* ACTIVITY: Could you retype exactly the lines below between the one holding "Ce papier peint" and the one holding "2020年5月17日下午,美", inclusive, leaving out any pictures?

* SUPPLIED MATERIAL:
------------------------------------------------------------------------
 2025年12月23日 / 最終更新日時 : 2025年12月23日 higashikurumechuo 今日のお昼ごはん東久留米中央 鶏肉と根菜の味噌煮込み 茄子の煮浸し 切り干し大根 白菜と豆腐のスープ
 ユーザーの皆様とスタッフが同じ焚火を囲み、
------------------------------------------------------------------------
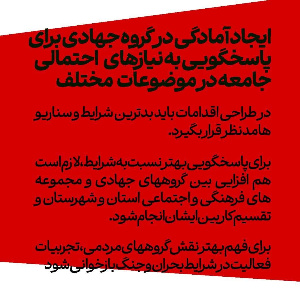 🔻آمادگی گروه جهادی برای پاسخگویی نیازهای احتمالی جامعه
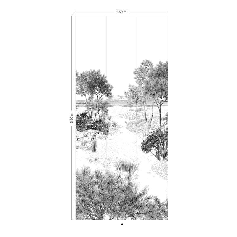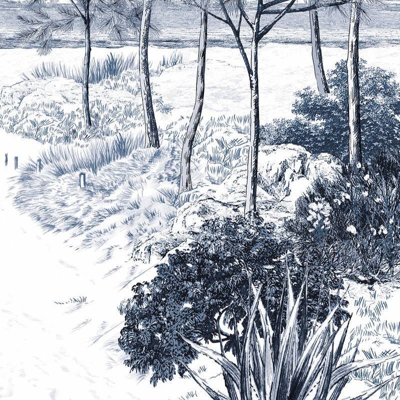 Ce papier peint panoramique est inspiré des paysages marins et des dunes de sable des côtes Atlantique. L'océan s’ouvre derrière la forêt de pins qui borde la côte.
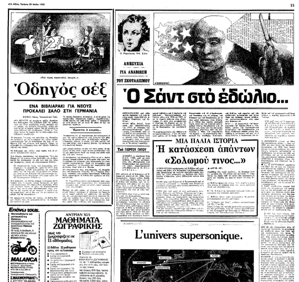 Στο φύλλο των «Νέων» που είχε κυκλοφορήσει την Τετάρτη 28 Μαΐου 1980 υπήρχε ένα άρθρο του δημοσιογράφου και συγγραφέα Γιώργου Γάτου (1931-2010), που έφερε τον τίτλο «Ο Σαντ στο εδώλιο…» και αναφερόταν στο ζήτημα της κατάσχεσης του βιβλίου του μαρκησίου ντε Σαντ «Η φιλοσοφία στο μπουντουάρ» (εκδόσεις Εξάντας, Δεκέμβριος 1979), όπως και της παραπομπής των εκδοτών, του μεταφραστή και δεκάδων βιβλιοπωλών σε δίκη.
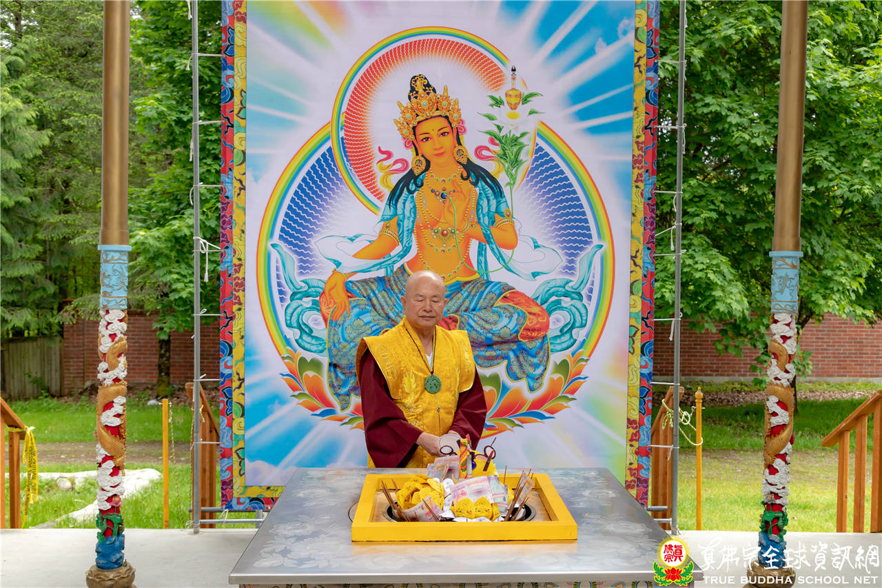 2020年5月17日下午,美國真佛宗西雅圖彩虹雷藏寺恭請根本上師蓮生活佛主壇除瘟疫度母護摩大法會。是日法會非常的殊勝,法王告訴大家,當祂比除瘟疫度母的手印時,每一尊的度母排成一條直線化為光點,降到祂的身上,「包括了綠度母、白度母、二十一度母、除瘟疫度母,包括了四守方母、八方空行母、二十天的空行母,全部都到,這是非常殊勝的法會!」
------------------------------------------------------------------------
* PROBLEM SOLUTION:
 Ce papier peint panoramique est inspiré des paysages marins et des dunes de sable des côtes Atlantique. L'océan s’ouvre derrière la forêt de pins qui borde la côte.
 Στο φύλλο των «Νέων» που είχε κυκλοφορήσει την Τετάρτη 28 Μαΐου 1980 υπήρχε ένα άρθρο του δημοσιογράφου και συγγραφέα Γιώργου Γάτου (1931-2010), που έφερε τον τίτλο «Ο Σαντ στο εδώλιο…» και αναφερόταν στο ζήτημα της κατάσχεσης του βιβλίου του μαρκησίου ντε Σαντ «Η φιλοσοφία στο μπουντουάρ» (εκδόσεις Εξάντας, Δεκέμβριος 1979), όπως και της παραπομπής των εκδοτών, του μεταφραστή και δεκάδων βιβλιοπωλών σε δίκη.
 2020年5月17日下午,美國真佛宗西雅圖彩虹雷藏寺恭請根本上師蓮生活佛主壇除瘟疫度母護摩大法會。是日法會非常的殊勝,法王告訴大家,當祂比除瘟疫度母的手印時,每一尊的度母排成一條直線化為光點,降到祂的身上,「包括了綠度母、白度母、二十一度母、除瘟疫度母,包括了四守方母、八方空行母、二十天的空行母,全部都到,這是非常殊勝的法會!」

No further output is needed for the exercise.